On the hunt for York Minster’s Bosses

It’s the end of cycling day two and we’ve arrived in the charming city of York. Whenever I visit places like this where the layers of history are still evident in the architecture and street patterns I think about how cities like Bristol and Coventry must have been before the blitz and disastrous post-war reconstructions. The streets of York are crammed with lovely buildings and a real sense of place and identity that is so often recently lost in many of Britain’s ‘any-town’ high streets. After checking into our hotel we went for a stroll to see the Minster. When I was ten I entered a Blue Peter competition to design a boss for the new roof in York Minster’s south transept to replace the one destroyed by fire in July 1984. For those not familiar with medieval ceiling construction, a boss is the wooden roundal where the ceiling trusses join. Bosses in medieval buildings were often ornately decorated with religious and pagan imagery.

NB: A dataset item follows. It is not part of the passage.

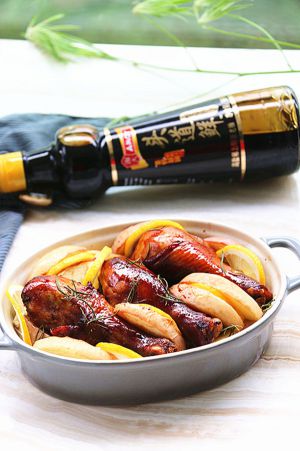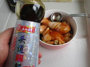 鸡腿洗净吸干水分后加入黄酒和生姜抓匀再加入生抽和老抽抓匀盖上进冰箱冷藏8小时以上

The competition asked for designs to commemorate significant moments of the twentieth century. I recall my design featured a dove and World War One poppies, (I was obviously quite a deep thinking ten year old), to commemorate the 1918 armistice. My design was not a winner. However, I was a runner up! My prize included some Viking coins (York was a Viking settlement), a piece of burnt boss from the original roof of the South Transept roof and of course a Blue Peter badge (although I’ve always been miffed that it wasn’t a proper ship on shield shaped BP badge, but rather a round button one). This is my first trip to York since not winning the competition, so naturally I was hoping to check out the winning designs. York Minster has other ideas of course … they were closed at 6.30pm when we arrived – on a Sunday as well! Is it any wonder church attendance is dwindling when the local Tesco express has longer opening hours! So I’ll just have to come back to see the bosses another time (and hope the Minster isn’t ignited by lightening again before then!).